TASK GOAL:
Give the lines below again, exactly as they stand, and leave out the images.

INFORMATION SUPPLIED:
[Start of section]

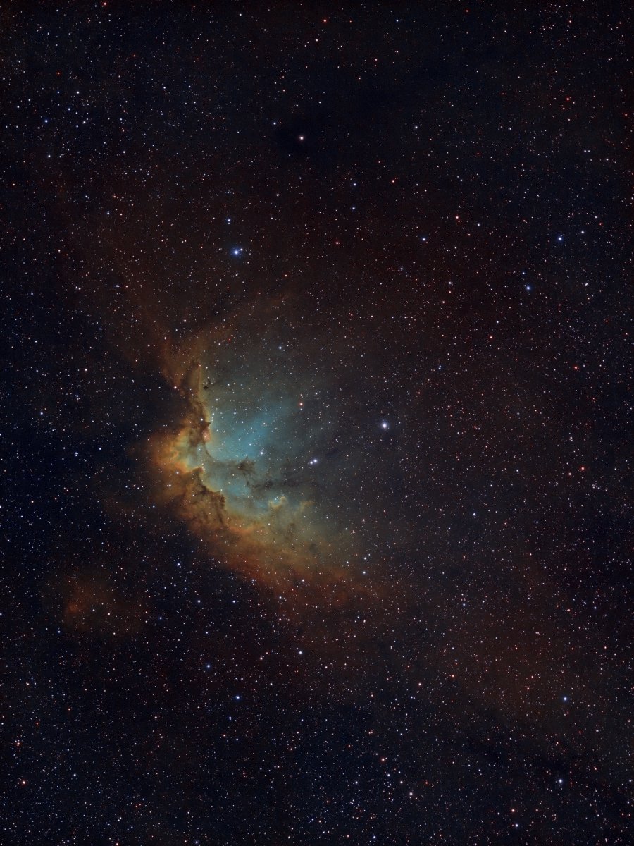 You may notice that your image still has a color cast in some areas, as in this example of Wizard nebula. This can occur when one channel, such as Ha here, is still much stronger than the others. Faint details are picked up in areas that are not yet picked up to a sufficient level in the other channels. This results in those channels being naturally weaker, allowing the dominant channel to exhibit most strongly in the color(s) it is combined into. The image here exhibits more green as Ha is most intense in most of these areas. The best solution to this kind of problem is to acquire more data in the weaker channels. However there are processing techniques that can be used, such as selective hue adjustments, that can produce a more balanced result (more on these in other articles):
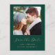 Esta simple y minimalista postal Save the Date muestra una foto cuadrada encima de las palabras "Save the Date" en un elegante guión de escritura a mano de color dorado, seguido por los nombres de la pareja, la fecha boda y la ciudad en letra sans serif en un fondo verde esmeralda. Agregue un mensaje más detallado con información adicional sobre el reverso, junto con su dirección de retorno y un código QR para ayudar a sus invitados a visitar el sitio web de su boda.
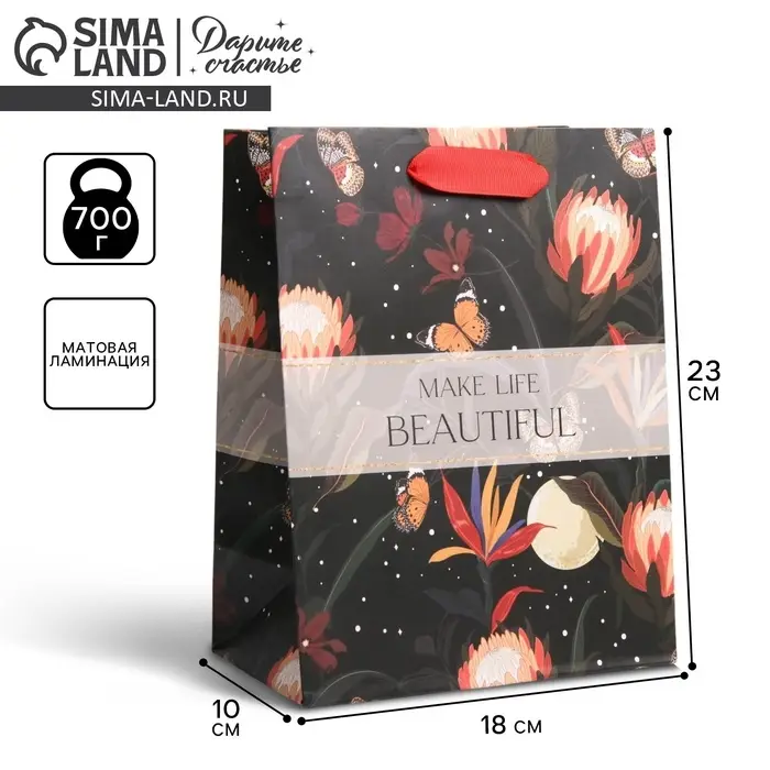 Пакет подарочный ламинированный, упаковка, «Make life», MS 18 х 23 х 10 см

[End of section]

ANSWER:
 You may notice that your image still has a color cast in some areas, as in this example of Wizard nebula. This can occur when one channel, such as Ha here, is still much stronger than the others. Faint details are picked up in areas that are not yet picked up to a sufficient level in the other channels. This results in those channels being naturally weaker, allowing the dominant channel to exhibit most strongly in the color(s) it is combined into. The image here exhibits more green as Ha is most intense in most of these areas. The best solution to this kind of problem is to acquire more data in the weaker channels. However there are processing techniques that can be used, such as selective hue adjustments, that can produce a more balanced result (more on these in other articles):
 Esta simple y minimalista postal Save the Date muestra una foto cuadrada encima de las palabras "Save the Date" en un elegante guión de escritura a mano de color dorado, seguido por los nombres de la pareja, la fecha boda y la ciudad en letra sans serif en un fondo verde esmeralda. Agregue un mensaje más detallado con información adicional sobre el reverso, junto con su dirección de retorno y un código QR para ayudar a sus invitados a visitar el sitio web de su boda.
 Пакет подарочный ламинированный, упаковка, «Make life», MS 18 х 23 х 10 см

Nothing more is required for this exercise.